Source data:
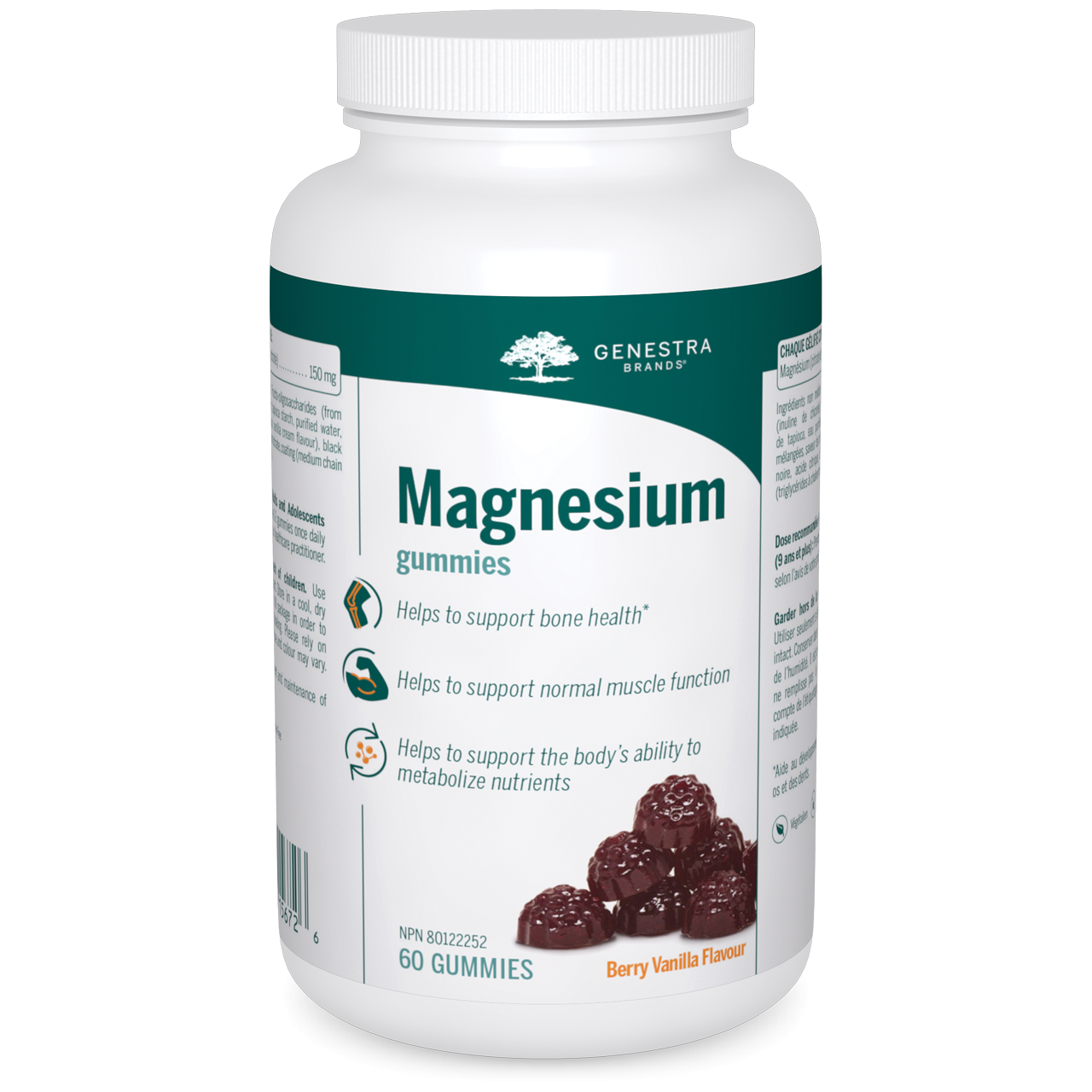 Avec chaque bonbon contenant 150 mg de magnésium, ces délicieux bonbons gélifiés à la vanille et aux baies de Genestra offrent une option pratique de supplémentation pour que vous puissiez répondre à vos besoins quotidiens en magnésium.
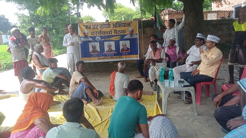 बलिया। आदमी पार्टी कार्यकर्ताओं का ग्राम पंचायत पूरा दलाई तिवारीपुर गांव में अंजनी तिवारी उर्फ झब्बू बाबा जिला महासचिव बलिया के नेतृत्व में घूम-घूम कर रचनात्मक कार्यक्रम का आयोजन किया गया तथा कार्यक्रम के दौरान हर घर संपर्क अभियान के तहत आवश्यक बैठक रखी गई जिसके मुख्य अतिथि जिला अध्यक्ष डॉक्टर प्रदीप कुमार जी उपस्थित रहे । इस दौरान अंजनी तिवारी उर्फ झब्बू बाबा जिला महासचिव ने कहा कि भारतीय जनता पार्टी एक भ्रष्ट जनता पार्टी है जो दलित, शोषित ,पिछड़े तथा अन्य जातियों के साथ सौतेला व्यवहार कर रही है यह मोदी सरकार डबल इंजन की सरकार जो कही जाती है जनता को धोखा देकर अपनी डफली बजाने का काम
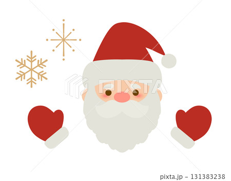 かわいいサンタクロースの顔、手袋と雪の結晶のベクターイラスト_クリスマスと冬の素材
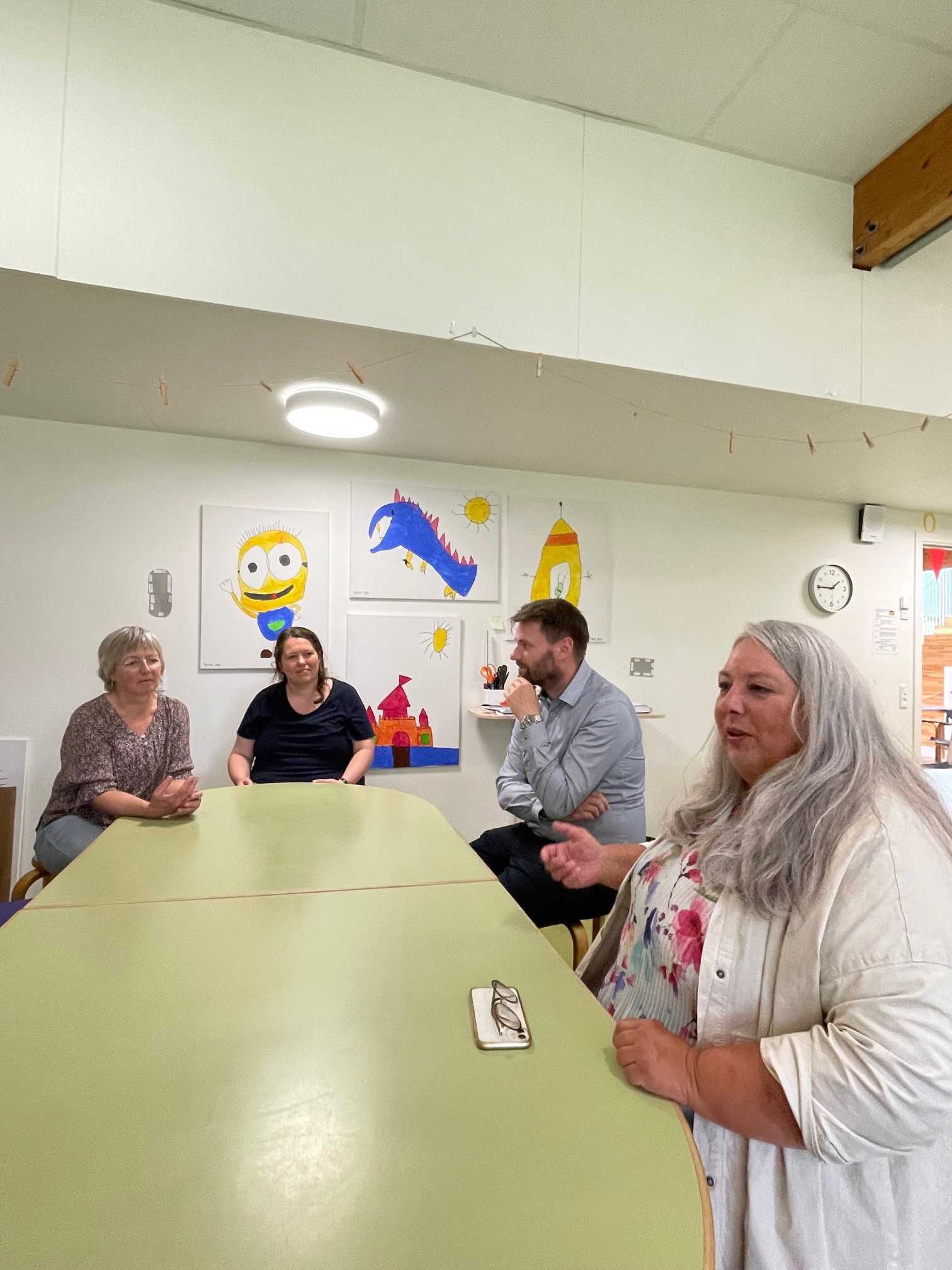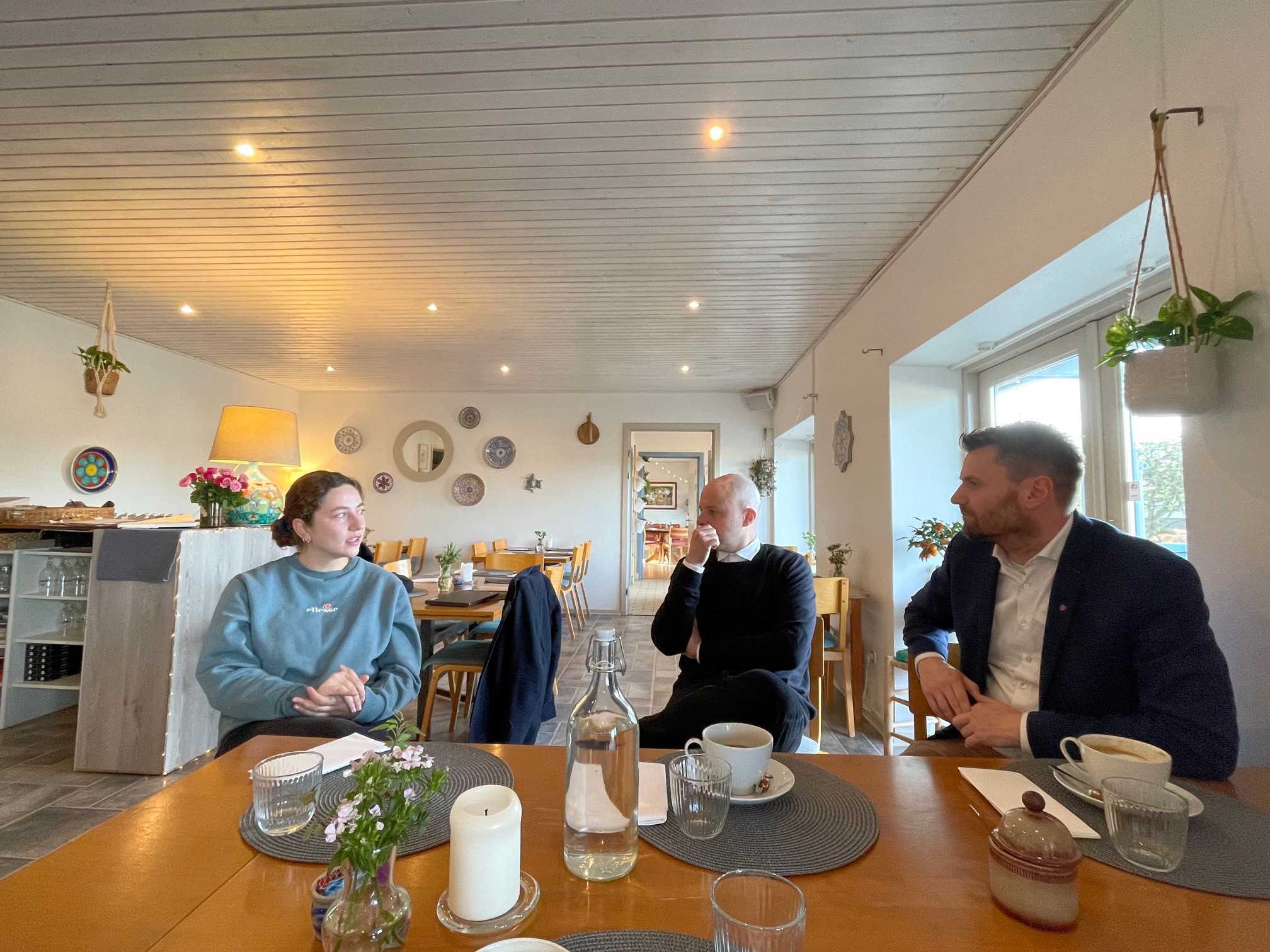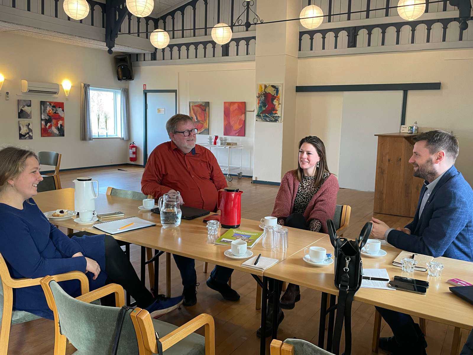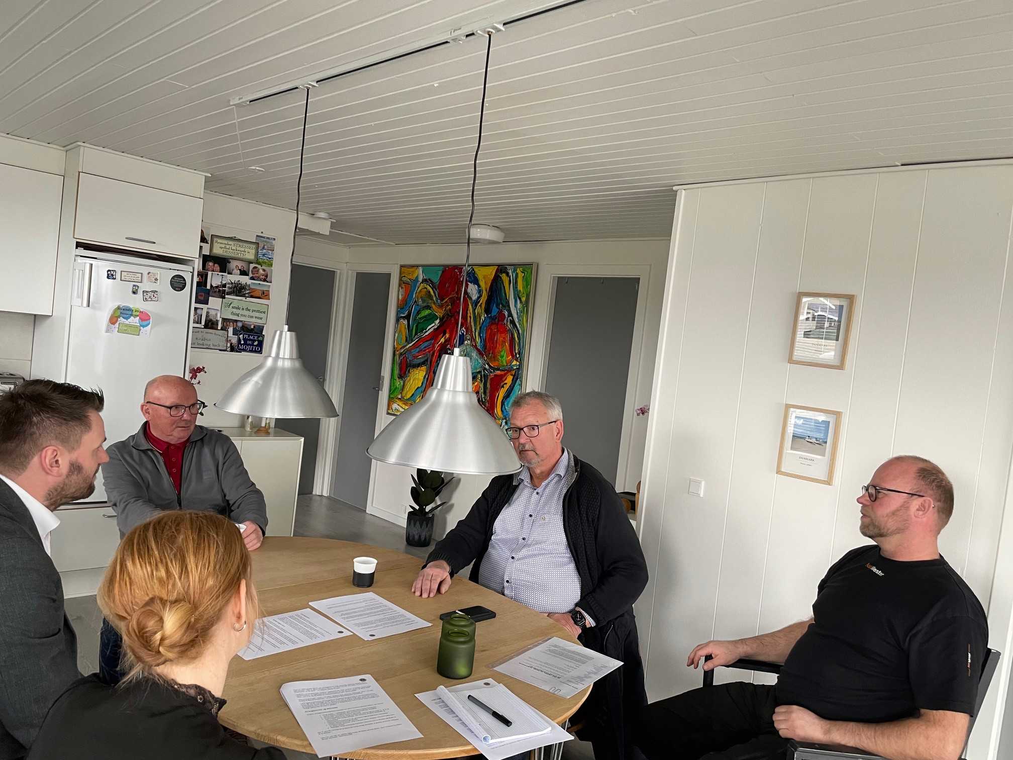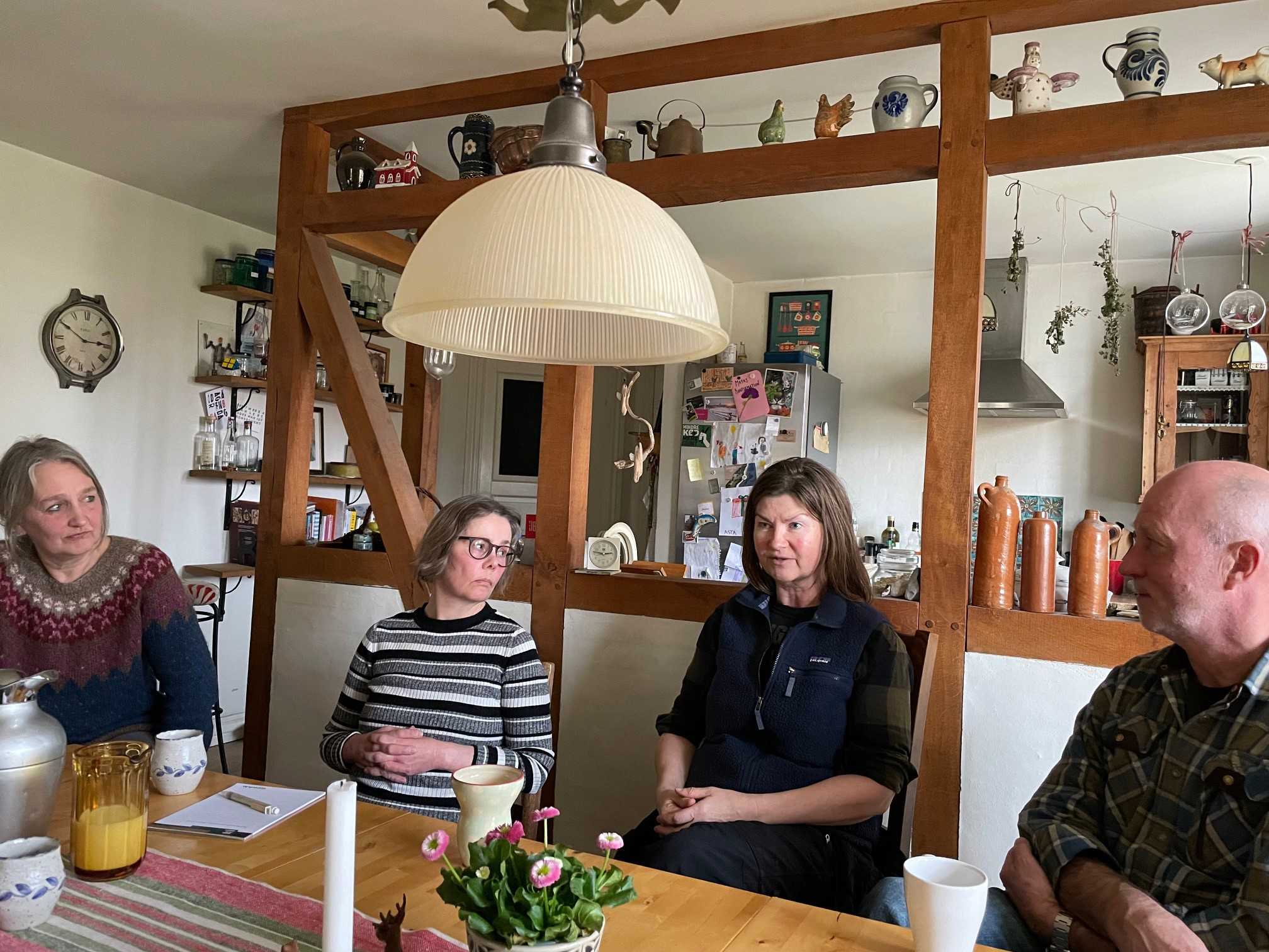 Eftermiddagen fortsatte med dialog med Følle Borgerforenings bestyrelse. Formand Christina Lossen lagde hus til, og i hendes køkken gik snakken om de mange aktiviteter i Følle.
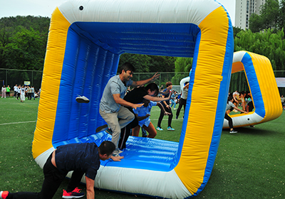 本次活动是我所举办的第六届“趣味运动嘉年华”活动,共有18支队伍、近千人次参加。本次活动根据我所实际情况和文化建设重点,精心设计了6个比赛项目和2个互动项目,包括“志在四方”、“砥砺前行”、“百发百中”、“凝心聚力”、“不忘初心”、拔河、“70航拍”、“七秩梦圆”等。其中,在开幕式的“70航拍”活动中,队员们手举小红旗,仰望空中无人机,共同欢快祝贺我所生日快乐;在闭幕式的 “七秩梦圆”活动中,约400名参赛队员围坐成圈,中心凸显“祝贺大连化物所70岁生日快乐”的大红条幅,大家一起摇动手中长绳,整齐划一的动作体现了团队凝聚力和永不放弃、坚持到底的决心,整齐的口号声响彻足球场。
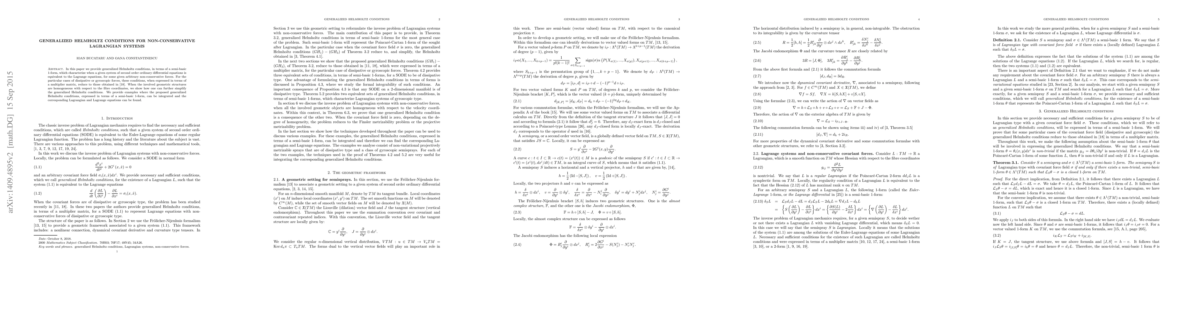 In this paper we provide generalized Helmholtz conditions, in terms of a semi-basic 1-form, which characterize when a given system of second order ordinary differential equations is equivalent to the Lagrange equations, for some given arbitrary non-conservative forces. For the particular cases of dissipative or gyroscopic forces, these conditions, when expressed in terms of a multiplier matrix, reduce to those obtained in [18]. When the involved geometric structures are homogeneous with respect to the fibre coordinates, we show how one can further simplify the generalized Helmholtz conditions. We provide examples where the proposed generalized Helmholtz conditions, expressed in terms of a semi-basic 1-form, can be integrated and the corresponding Lagrangian and Lagrange equations can be found.
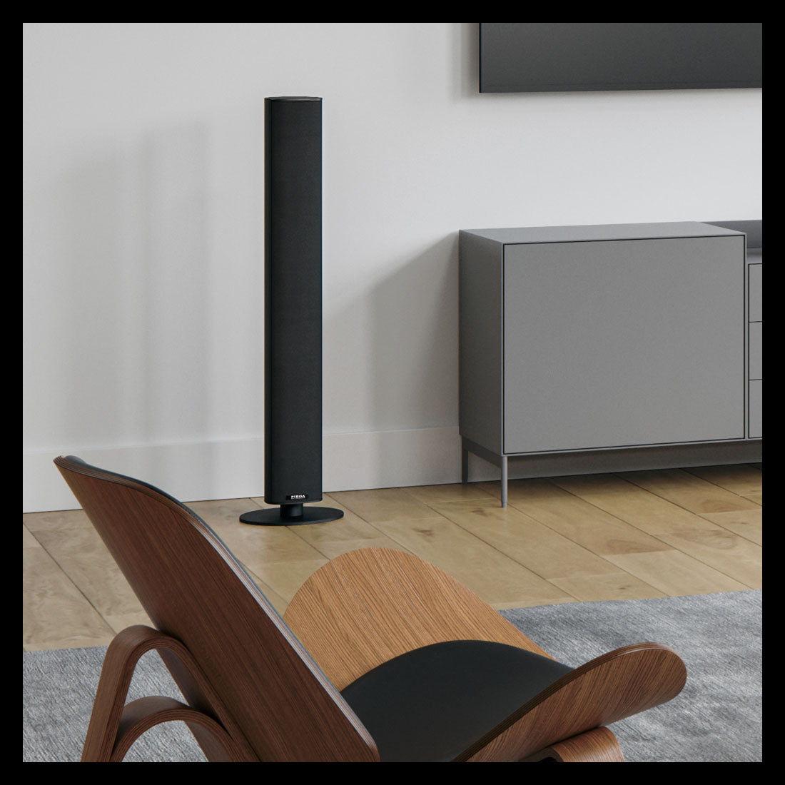 Le socle de l'enceinte colonne présente une base circulaire assurant une stabilité garantie tout en s'harmonisant parfaitement avec le design élancé du boîtier.
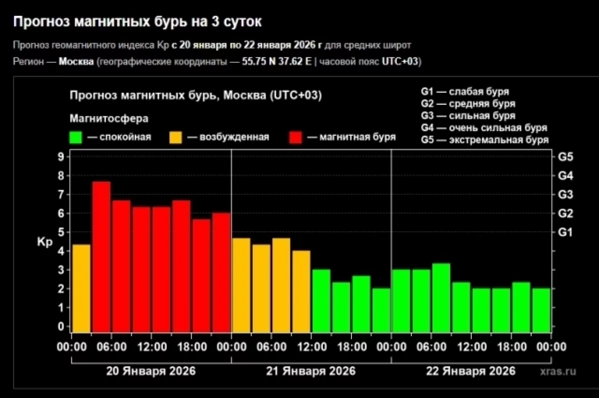 Во вторник, 20 января, на Землю была зафиксирована магнитная буря. Около 03:00 по московскому времени произошёл переход геомагнитных колебаний в сильную магнитную бурю, достигшую уровня G-3. К 06:00 сила магнитной аномалии снизилась до уровня G-2. Ожидается, что до 18:00 пик штормовой активности сохранится на уровне G-2, после чего она продолжит снижение до G-1.
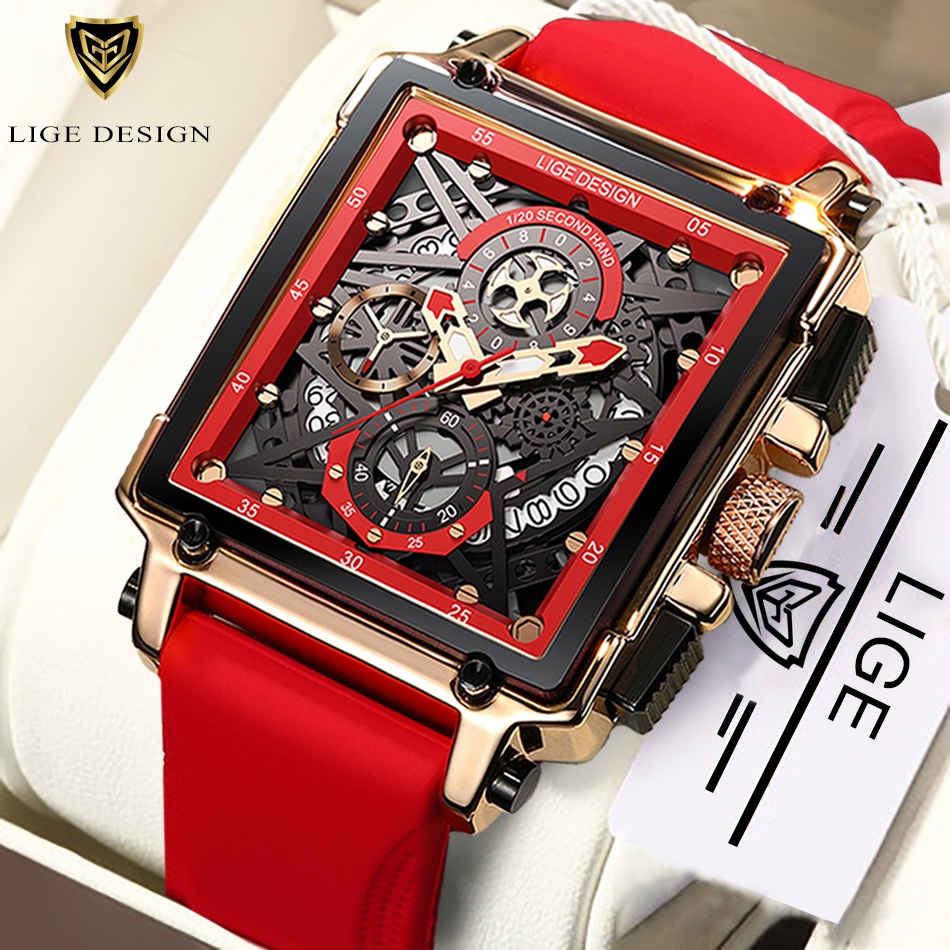 LIGE Relógio de negócios ao ar livre original masculino esportes à prova dwaterproof água luminosa relógio de quartzo silicone água cronógrafo relógios + caixa
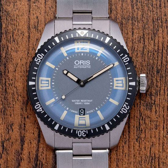 If you know me, you'll know I am a huge fan of Oris and what they have done with their diving range, offering the modern diver with the Aquis and the heritage diver with this amazing Sixty-Five model. This specific 40mm model features one of the best dials of the lot in my opinion, a subtle blue contrasted beautifully against grey, it works with the exploded art-deco style numerals and the overall design. I would not hesitate to add one of these to your collection.

### THE TASK
Beginning with the first line of the records and ending with the line that contains "Eftermiddagen fortsatte med", reproduce every line exactly, omitting pictures and adding nothing.

### RESPONSE TO THIS EXERCISE
 Avec chaque bonbon contenant 150 mg de magnésium, ces délicieux bonbons gélifiés à la vanille et aux baies de Genestra offrent une option pratique de supplémentation pour que vous puissiez répondre à vos besoins quotidiens en magnésium.
 बलिया। आदमी पार्टी कार्यकर्ताओं का ग्राम पंचायत पूरा दलाई तिवारीपुर गांव में अंजनी तिवारी उर्फ झब्बू बाबा जिला महासचिव बलिया के नेतृत्व में घूम-घूम कर रचनात्मक कार्यक्रम का आयोजन किया गया तथा कार्यक्रम के दौरान हर घर संपर्क अभियान के तहत आवश्यक बैठक रखी गई जिसके मुख्य अतिथि जिला अध्यक्ष डॉक्टर प्रदीप कुमार जी उपस्थित रहे । इस दौरान अंजनी तिवारी उर्फ झब्बू बाबा जिला महासचिव ने कहा कि भारतीय जनता पार्टी एक भ्रष्ट जनता पार्टी है जो दलित, शोषित ,पिछड़े तथा अन्य जातियों के साथ सौतेला व्यवहार कर रही है यह मोदी सरकार डबल इंजन की सरकार जो कही जाती है जनता को धोखा देकर अपनी डफली बजाने का काम
 かわいいサンタクロースの顔、手袋と雪の結晶のベクターイラスト_クリスマスと冬の素材
 Eftermiddagen fortsatte med dialog med Følle Borgerforenings bestyrelse. Formand Christina Lossen lagde hus til, og i hendes køkken gik snakken om de mange aktiviteter i Følle.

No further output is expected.